One successful attempt to both minimize corruption and provide water was created in Kenya. The Water and Sanitation Services Improvement Project was established recently and is a project that combines Water Action Groups, use of water and sanitation report cards, and a real-time feedback mechanism. Although results of the program are still too premature to measure, the success of the policy comes from the structure allowing for accountability.

NGOs stepping up to the problem

The diverse number of programs and policies have not been capable of producing palpable results. However, the open arms policy towards foreign aid has been crucial to saving lives in Eastern Africa. The intervention of NGOs, social businesses and other philanthropic organizations who have attempted to address the water problem have proven to be essential to these countries. In 2008, the Ethiopian government enacted a policy to put a stop to foreign aid in the most vulnerable region of their country. In just a few months, this policy was overturned due to the number of people suffering and the inability of the government to provide adequate resources.

There are a number of initiatives targeted at eradicating this issue that have proven themselves indispensable. The Global Water Initiative (GWI), International Water Management Institute (IWMI), and the International Rescue Committee’s International Water and Sanitation Centre are all examples. Water filtration devices, such as LifeStraw and Biofit, which are distributed through a number of NGOs, have helped millions of people in Kenya, Somalia and Ethiopia access clean water. Policies that allow non-governmental institutions to resolve fundamental problems might hinder long term development in the region.

Are these solutions long term?

The UN has declared that access to water is a human right and stated that water is a social and cultural good, not an economic commodity. However, in East Africa, achieving this goal is complicated due to the manner in which water supplies are managed.

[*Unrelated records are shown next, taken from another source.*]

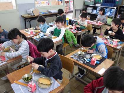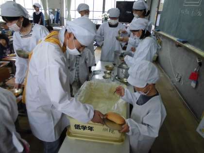 今日が,初めての給食の日!3時間目くらいから,「まだ?」と何度も確認の声が・・・。エプロン,帽子,マスクをつけて,当番はじまり。ちょっと心配しましたが,大丈夫,今日も6年生が,見守ってくれました。配りも,後片付けも,ばっちり出来ました。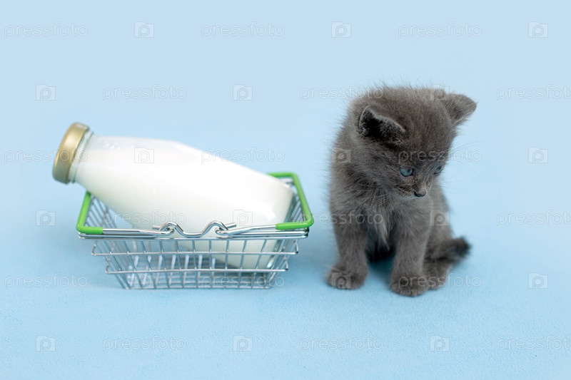 Котенок и бутылка молока. Серый кот с едой в корзине. Голубой фон. Скопируйте пространство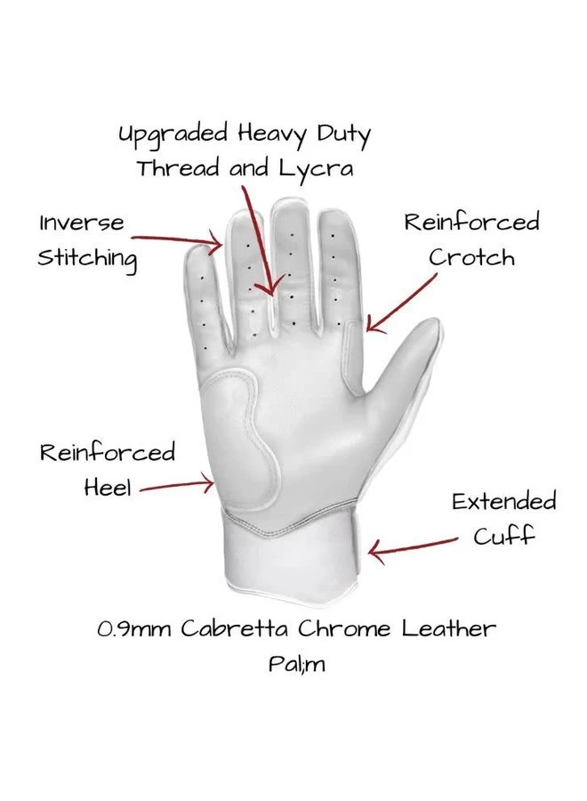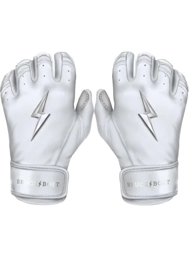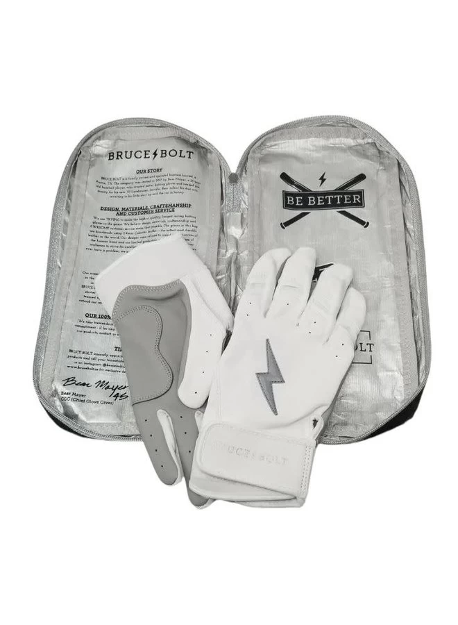 HIGHEST QUALITY, MOST DURABLE BATTING GLOVE IN BASEBALL: Each pair of BRUCE BOLT batting gloves are handmade by skilled craftsmen using only the highest quality 0.9mm Cabretta leather and stitching techniques which makes our gloves buttery soft but more durable than any other glove on the market.
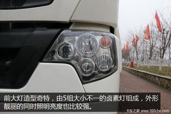T7H前大灯造型奇特,由5组大小不一的卤素灯组成,外形靓丽的同时照明亮度也比较强。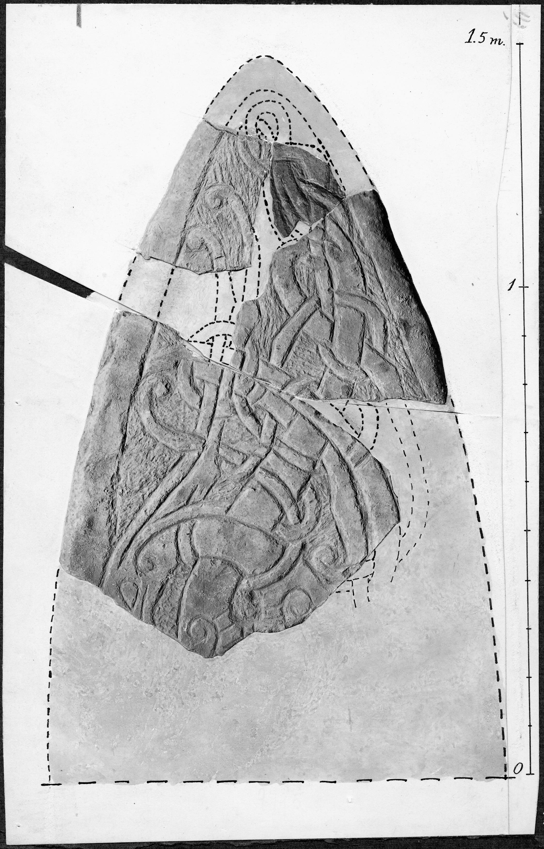 Beskrivning: Beskrivning: Gravkista, Eskilstunakistan, detalj. Foto kompletterat med teckning och måttangivelse.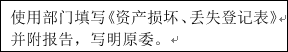 第二十一条  发现资产丢失时,应保护好现场,立即报告保卫处或上级有关部门。当事部门要填写《资产丢失登记表》。学校保卫处要迅速组织查明原因,提出处理意见,由当事部门将丢失清单和保卫处处理意见交给党政办公室(资产管理办公室)。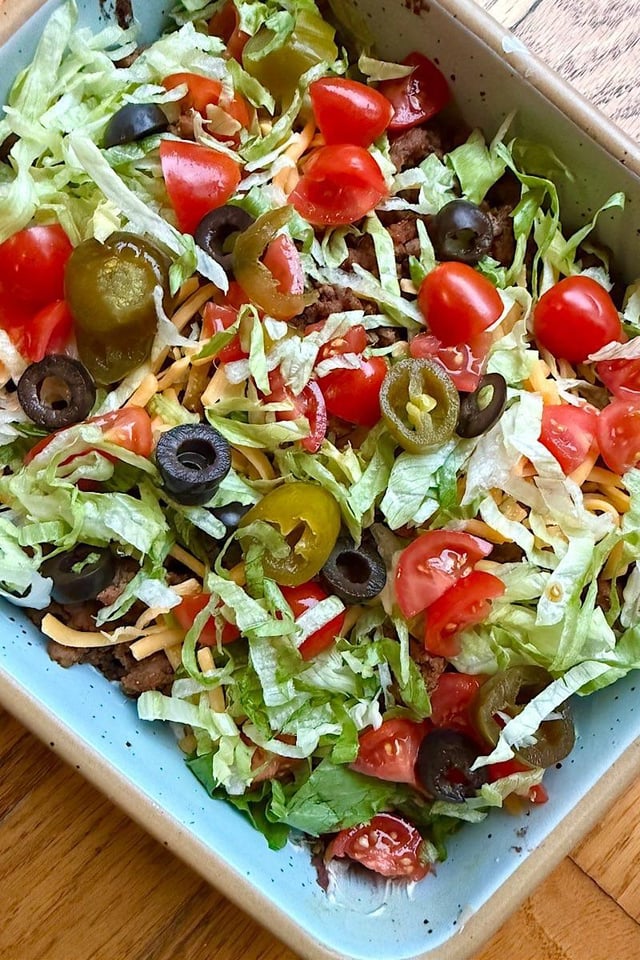 Here’s my Taco Dip that comes together in about 15 minutes. Printable recipe here: https://www.mydiabeticplate.com/taco-salad-dip/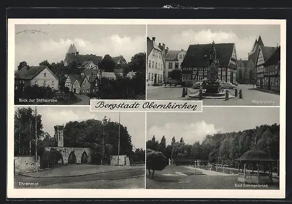 AK Obernkirchen, Ehrenmal, Marktplatz, Blick zur Stiftskirche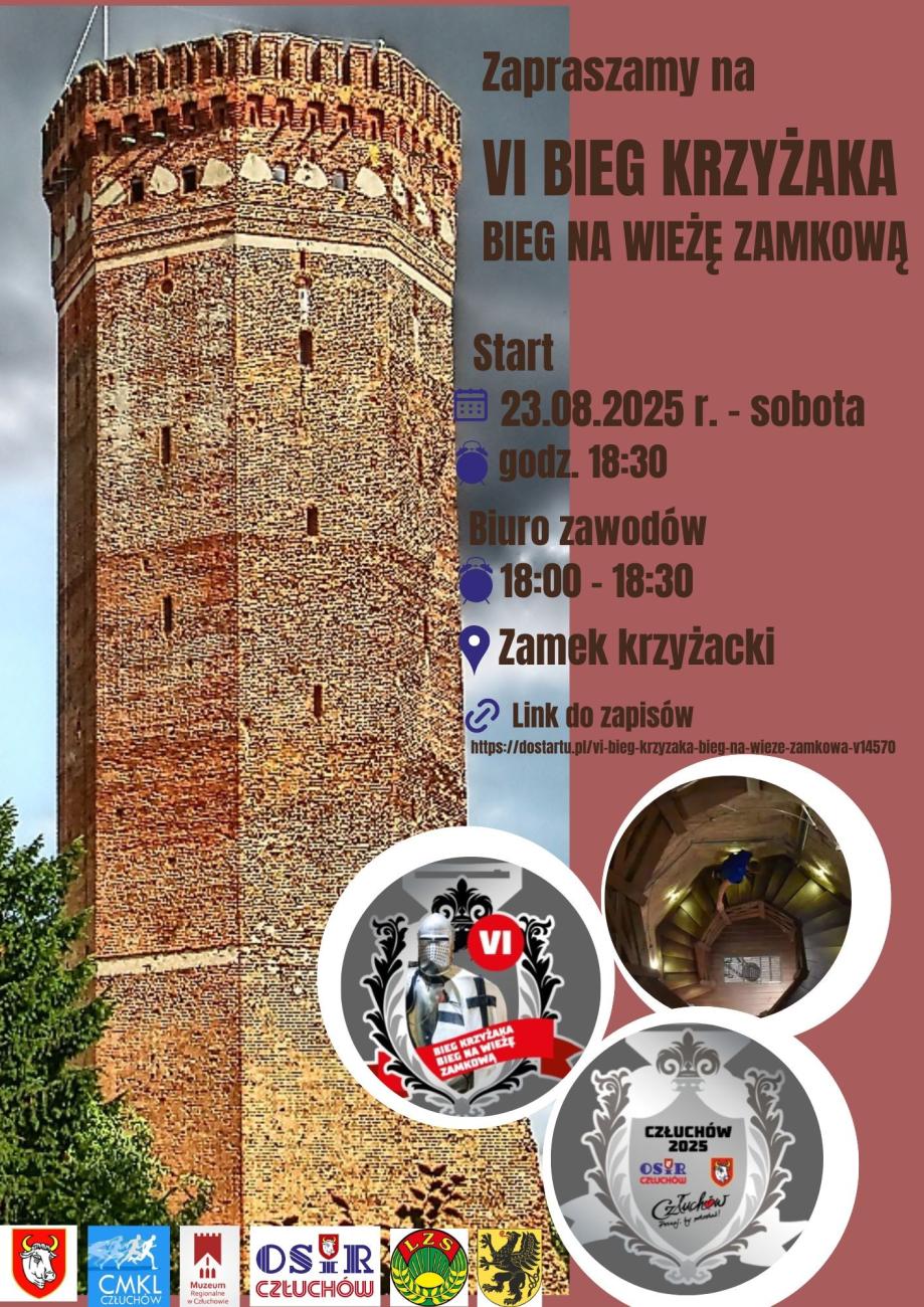 Bieg na wieżę zamkową [0] 23.08.2025 r. Miejsce imprezy start Podzamcze Organizator Ośrodek Sportu i Rekreacji w Człuchowie

George Ayittey, the president of Free Africa Foundation, based in Washington D.C., stated that foreign aid is not free and cannot create development on its own. Foreign aid brings an external workforce, money and technology; it does not try to mend local market problems, but instead goes around the government to achieve its own goals. When taking a look at programs initiated by foreign aid in East Africa, it is easy to identify with Ayittey’s argument.

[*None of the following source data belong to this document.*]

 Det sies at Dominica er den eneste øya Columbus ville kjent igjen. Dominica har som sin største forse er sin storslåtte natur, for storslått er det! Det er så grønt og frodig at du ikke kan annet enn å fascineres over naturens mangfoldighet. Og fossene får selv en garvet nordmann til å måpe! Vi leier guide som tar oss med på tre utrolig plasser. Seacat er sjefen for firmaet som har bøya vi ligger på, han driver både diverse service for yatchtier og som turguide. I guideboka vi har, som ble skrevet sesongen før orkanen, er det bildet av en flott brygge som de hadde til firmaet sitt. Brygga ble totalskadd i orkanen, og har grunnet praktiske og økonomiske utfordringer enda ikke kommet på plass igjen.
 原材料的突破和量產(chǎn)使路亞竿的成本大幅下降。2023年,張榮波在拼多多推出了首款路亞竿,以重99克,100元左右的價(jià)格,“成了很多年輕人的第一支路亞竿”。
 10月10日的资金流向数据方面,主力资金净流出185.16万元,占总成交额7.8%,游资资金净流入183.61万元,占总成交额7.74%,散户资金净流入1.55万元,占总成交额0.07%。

Governments in East Africa are overwhelmed by the situation in their countries. Without the necessary resources to resolve the water crisis on their own, because of various internal struggles, these governments have turned to external aid. With the purpose of saving lives, NGOs, social businesses and other external forces are doing their best to help and are focused on the immediate and short-term impact; masking the true extent of the problems these countries are facing. These conditions push long-term development to the background, leaving East Africa extremely susceptible to irreparable water conditions.

By Andrea Filgueiras, Jiuyi Zhou, Lina Shalabi, Maria Spiridonova, Ruben Piza, Xuan Zhang. The authors are Master of Social Entrepreneurship candidates at Hult International Business School.  

[image credit: Oxfam International: Flickr cc]

Hult Social Entrepreneurship

One response

  1. Thank you for your attention to this very important issue.

    I was a bit confused on the exact message of your article. You say: “Policies that allow non-governmental institutions to resolve fundamental problems might hinder long term development in the region.”

    I was also a little surprised to see IRC and GWI included in LifeStraw as indispensable solutions. IRC is a “think tank” that analyzes and advocates for good policies for sustainable water services. And GWI tries to put these ideas to work. In contrast LifeStraw is a technology for filtering drinking water for individuals and families; it’s a great technology but not a solution to fundamental problems.

    It would be helpful to review this article a little more closely to make clear what the main points are.